_Stored items_
------------------------------------------------------------
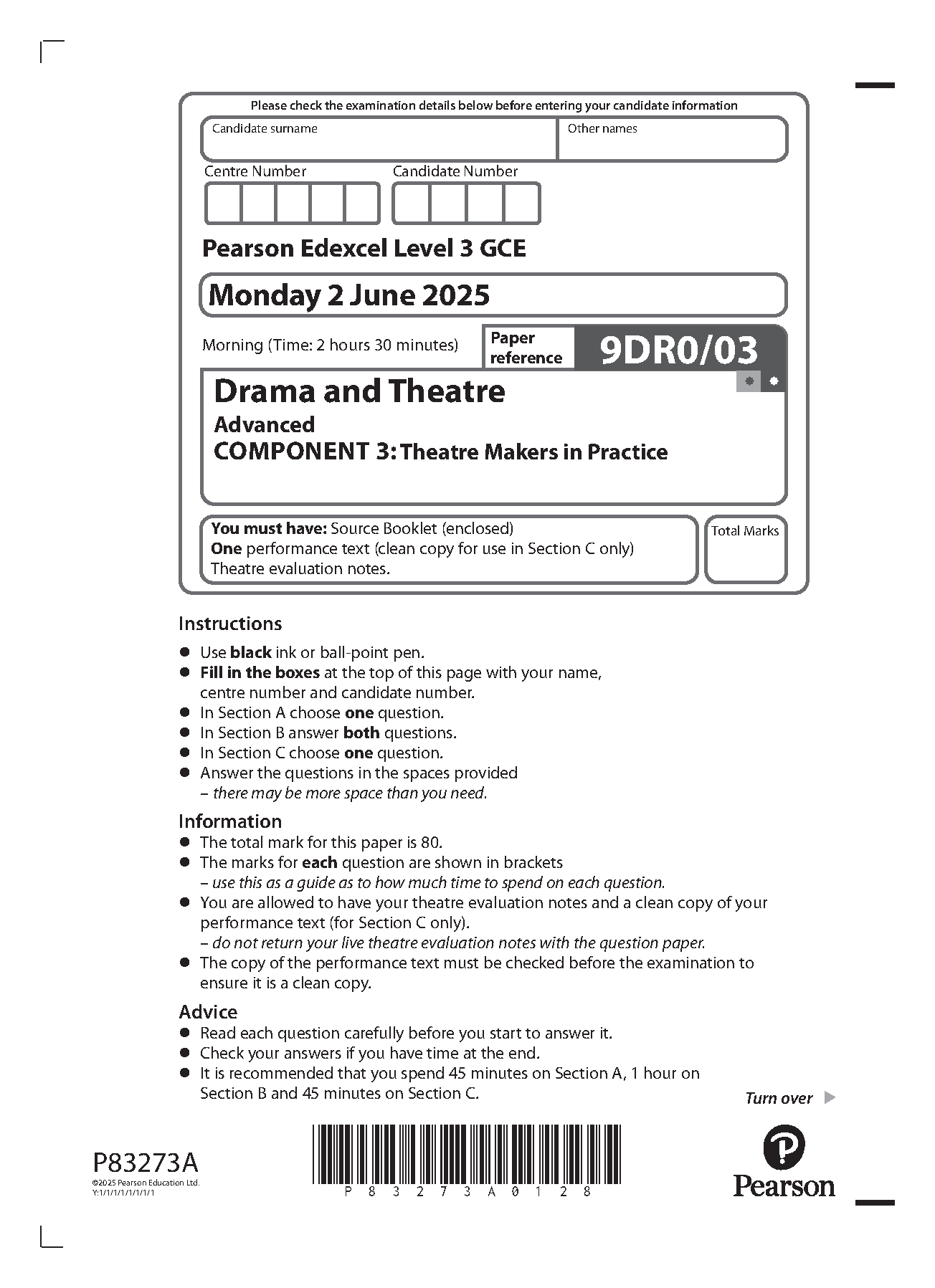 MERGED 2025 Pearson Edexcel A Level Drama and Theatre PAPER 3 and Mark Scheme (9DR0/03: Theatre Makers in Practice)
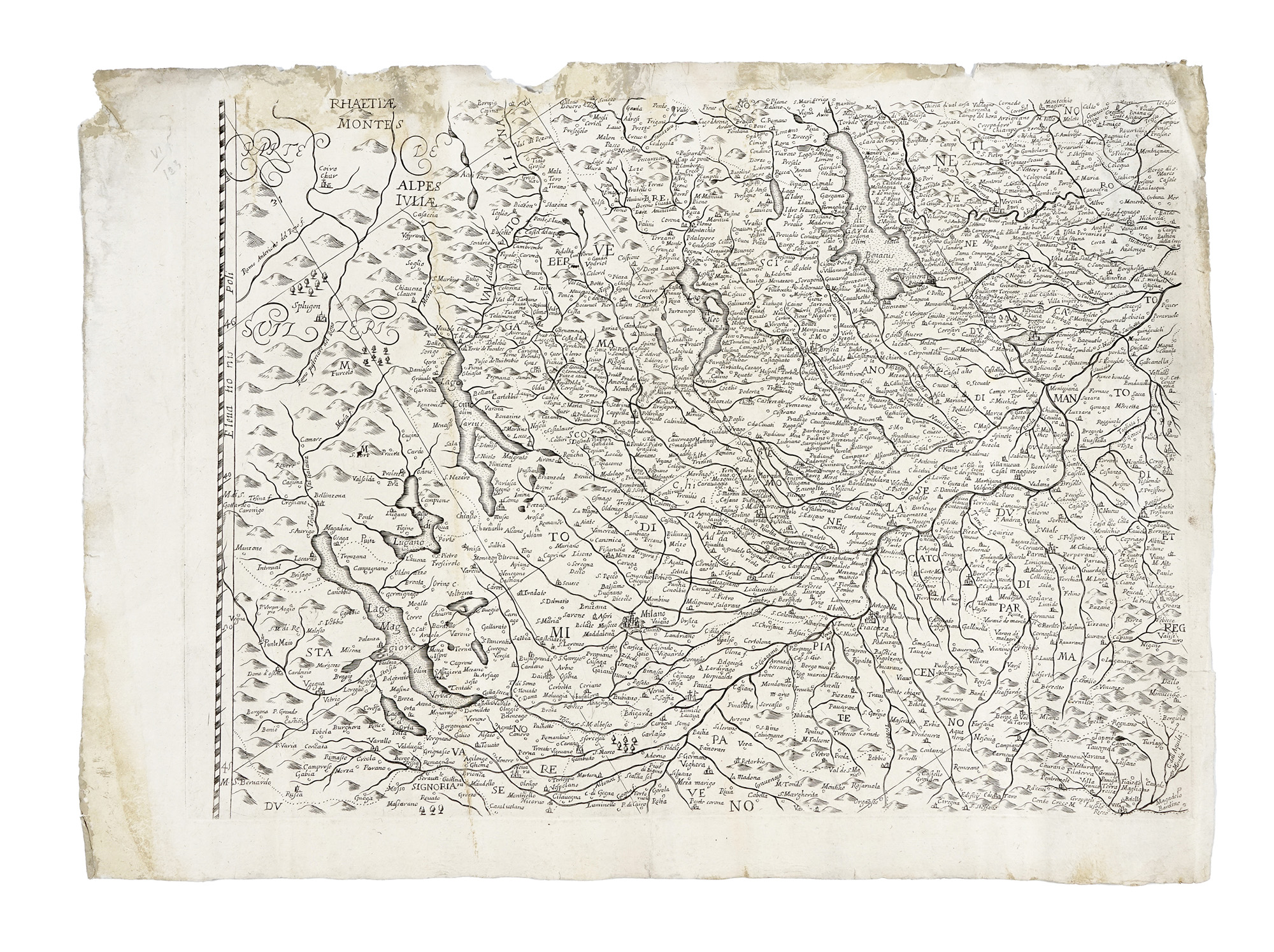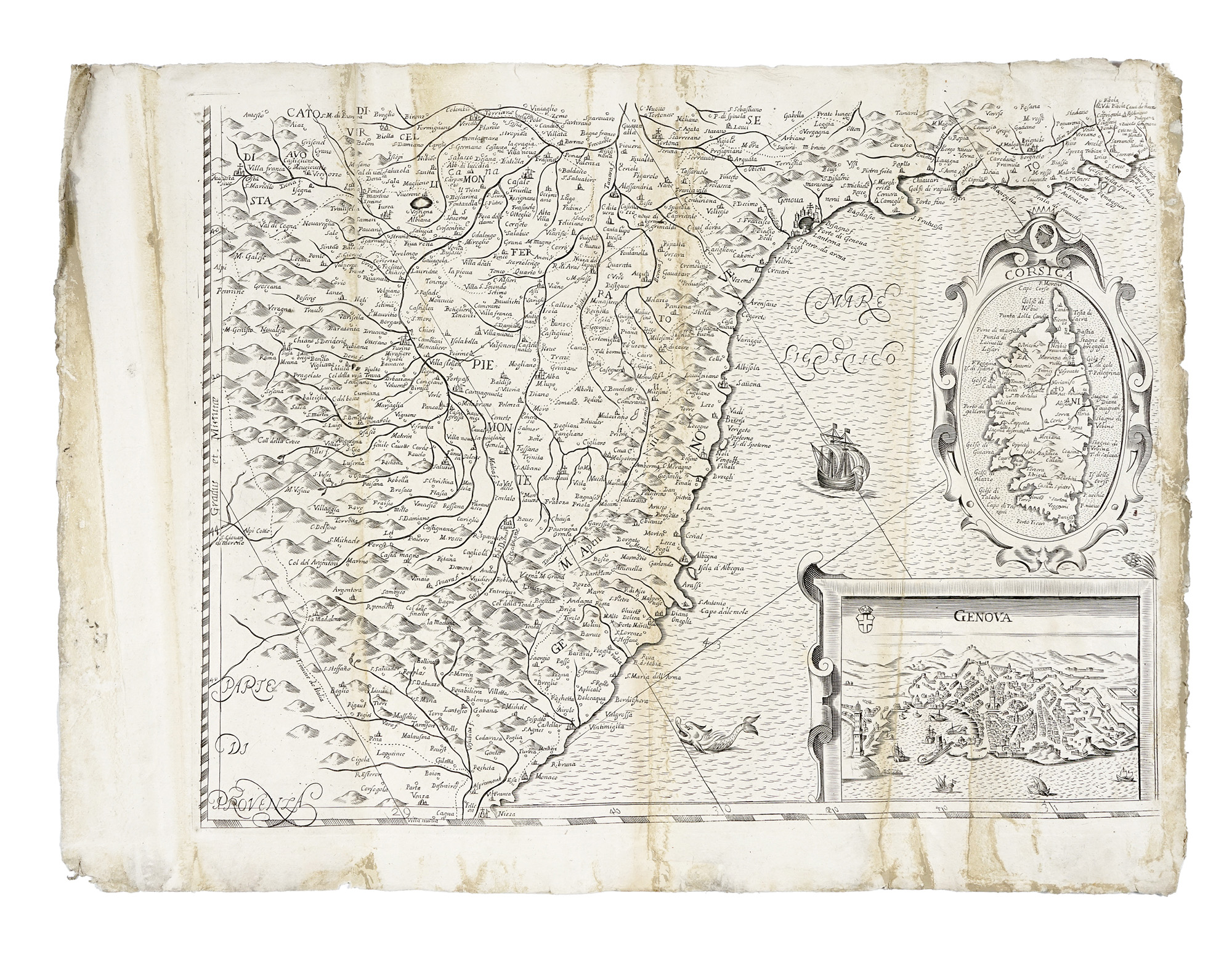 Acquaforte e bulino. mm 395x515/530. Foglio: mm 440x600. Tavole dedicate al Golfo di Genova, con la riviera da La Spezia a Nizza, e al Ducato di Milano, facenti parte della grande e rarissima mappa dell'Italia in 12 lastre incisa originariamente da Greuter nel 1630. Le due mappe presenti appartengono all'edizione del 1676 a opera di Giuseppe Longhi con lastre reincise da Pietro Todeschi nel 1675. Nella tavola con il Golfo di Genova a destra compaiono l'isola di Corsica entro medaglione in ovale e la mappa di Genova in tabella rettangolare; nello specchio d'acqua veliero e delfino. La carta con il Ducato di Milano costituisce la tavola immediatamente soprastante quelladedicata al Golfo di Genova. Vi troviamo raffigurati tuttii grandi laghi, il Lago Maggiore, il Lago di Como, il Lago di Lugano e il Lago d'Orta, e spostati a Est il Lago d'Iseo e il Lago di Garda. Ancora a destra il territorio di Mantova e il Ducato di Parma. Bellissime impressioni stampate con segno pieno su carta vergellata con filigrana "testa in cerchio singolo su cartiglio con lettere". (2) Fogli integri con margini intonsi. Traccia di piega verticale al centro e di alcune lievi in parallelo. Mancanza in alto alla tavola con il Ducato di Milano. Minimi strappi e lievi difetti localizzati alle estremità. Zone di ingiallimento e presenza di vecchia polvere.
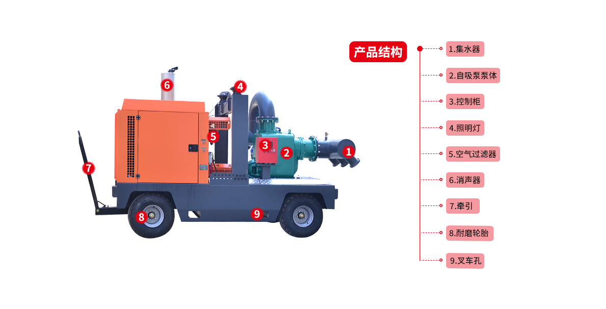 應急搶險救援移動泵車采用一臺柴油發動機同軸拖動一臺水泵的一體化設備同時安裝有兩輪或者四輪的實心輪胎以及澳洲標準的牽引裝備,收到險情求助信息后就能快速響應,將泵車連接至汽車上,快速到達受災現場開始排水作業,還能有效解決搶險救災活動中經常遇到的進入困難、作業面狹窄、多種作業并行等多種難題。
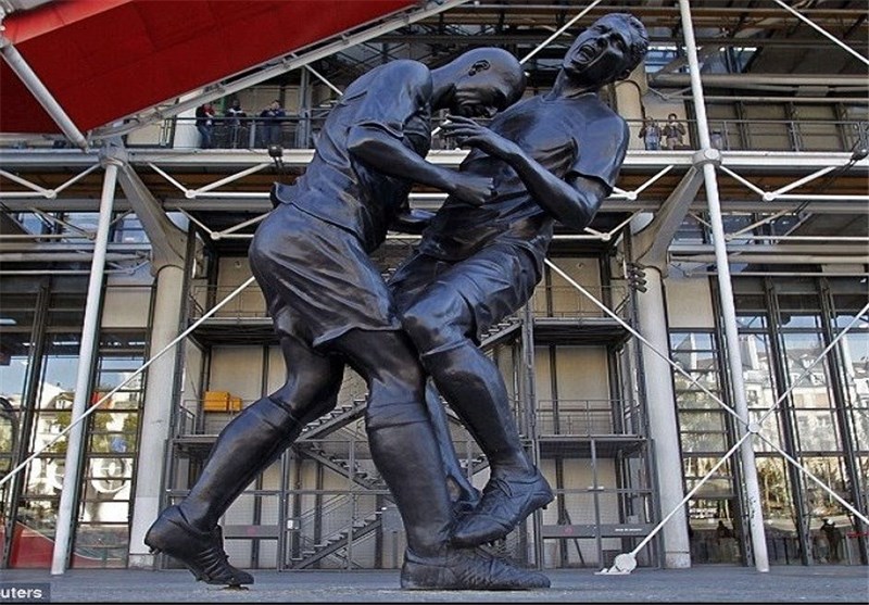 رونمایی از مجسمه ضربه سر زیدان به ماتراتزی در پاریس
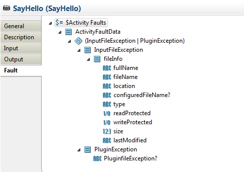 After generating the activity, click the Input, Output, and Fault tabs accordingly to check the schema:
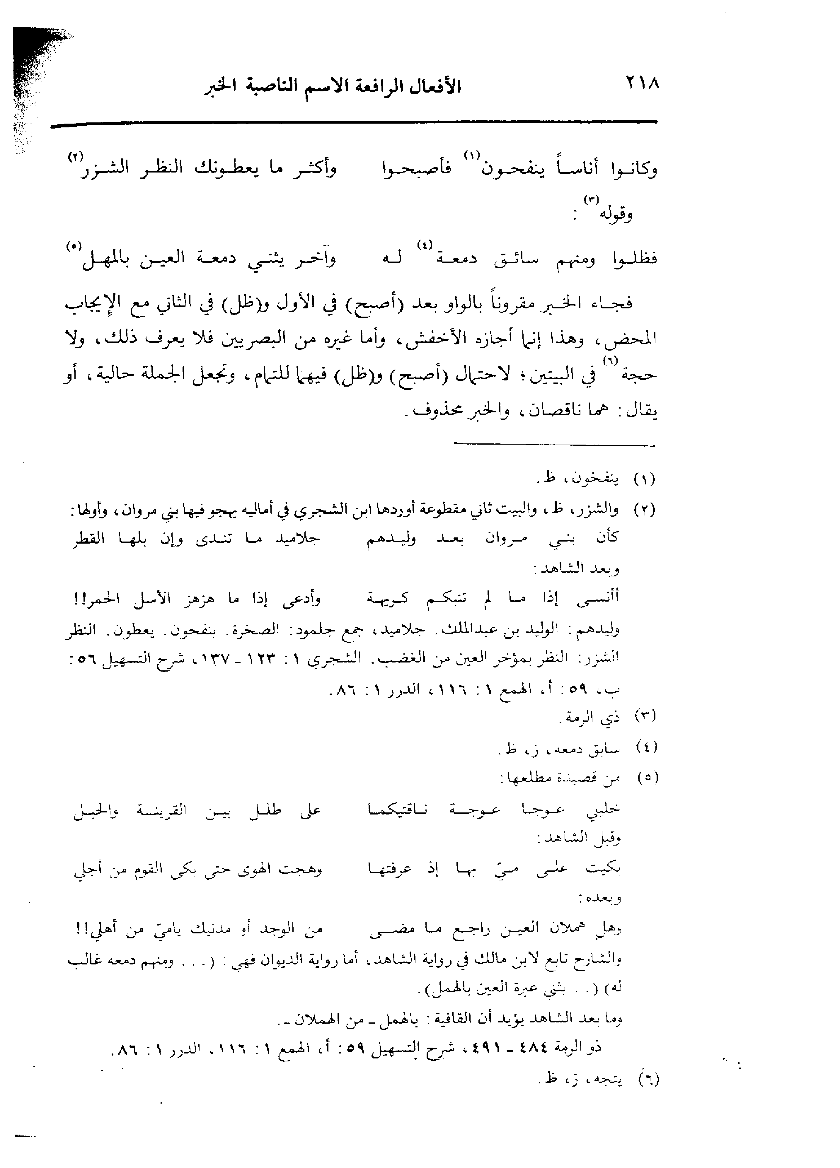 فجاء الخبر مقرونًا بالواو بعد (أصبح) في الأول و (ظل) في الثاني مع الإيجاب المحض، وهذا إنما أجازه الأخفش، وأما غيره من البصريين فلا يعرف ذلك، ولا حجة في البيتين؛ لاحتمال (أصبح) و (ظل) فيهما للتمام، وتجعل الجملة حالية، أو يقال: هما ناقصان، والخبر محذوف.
------------------------------------------------------------
_EXERCISE GOAL_
If an entry contains an image, print the rest of that entry exactly and leave the image out.

_FINISHED EXERCISE_
 MERGED 2025 Pearson Edexcel A Level Drama and Theatre PAPER 3 and Mark Scheme (9DR0/03: Theatre Makers in Practice)
 Acquaforte e bulino. mm 395x515/530. Foglio: mm 440x600. Tavole dedicate al Golfo di Genova, con la riviera da La Spezia a Nizza, e al Ducato di Milano, facenti parte della grande e rarissima mappa dell'Italia in 12 lastre incisa originariamente da Greuter nel 1630. Le due mappe presenti appartengono all'edizione del 1676 a opera di Giuseppe Longhi con lastre reincise da Pietro Todeschi nel 1675. Nella tavola con il Golfo di Genova a destra compaiono l'isola di Corsica entro medaglione in ovale e la mappa di Genova in tabella rettangolare; nello specchio d'acqua veliero e delfino. La carta con il Ducato di Milano costituisce la tavola immediatamente soprastante quelladedicata al Golfo di Genova. Vi troviamo raffigurati tuttii grandi laghi, il Lago Maggiore, il Lago di Como, il Lago di Lugano e il Lago d'Orta, e spostati a Est il Lago d'Iseo e il Lago di Garda. Ancora a destra il territorio di Mantova e il Ducato di Parma. Bellissime impressioni stampate con segno pieno su carta vergellata con filigrana "testa in cerchio singolo su cartiglio con lettere". (2) Fogli integri con margini intonsi. Traccia di piega verticale al centro e di alcune lievi in parallelo. Mancanza in alto alla tavola con il Ducato di Milano. Minimi strappi e lievi difetti localizzati alle estremità. Zone di ingiallimento e presenza di vecchia polvere.
 應急搶險救援移動泵車采用一臺柴油發動機同軸拖動一臺水泵的一體化設備同時安裝有兩輪或者四輪的實心輪胎以及澳洲標準的牽引裝備,收到險情求助信息后就能快速響應,將泵車連接至汽車上,快速到達受災現場開始排水作業,還能有效解決搶險救災活動中經常遇到的進入困難、作業面狹窄、多種作業并行等多種難題。
 رونمایی از مجسمه ضربه سر زیدان به ماتراتزی در پاریس
 After generating the activity, click the Input, Output, and Fault tabs accordingly to check the schema:
 فجاء الخبر مقرونًا بالواو بعد (أصبح) في الأول و (ظل) في الثاني مع الإيجاب المحض، وهذا إنما أجازه الأخفش، وأما غيره من البصريين فلا يعرف ذلك، ولا حجة في البيتين؛ لاحتمال (أصبح) و (ظل) فيهما للتمام، وتجعل الجملة حالية، أو يقال: هما ناقصان، والخبر محذوف.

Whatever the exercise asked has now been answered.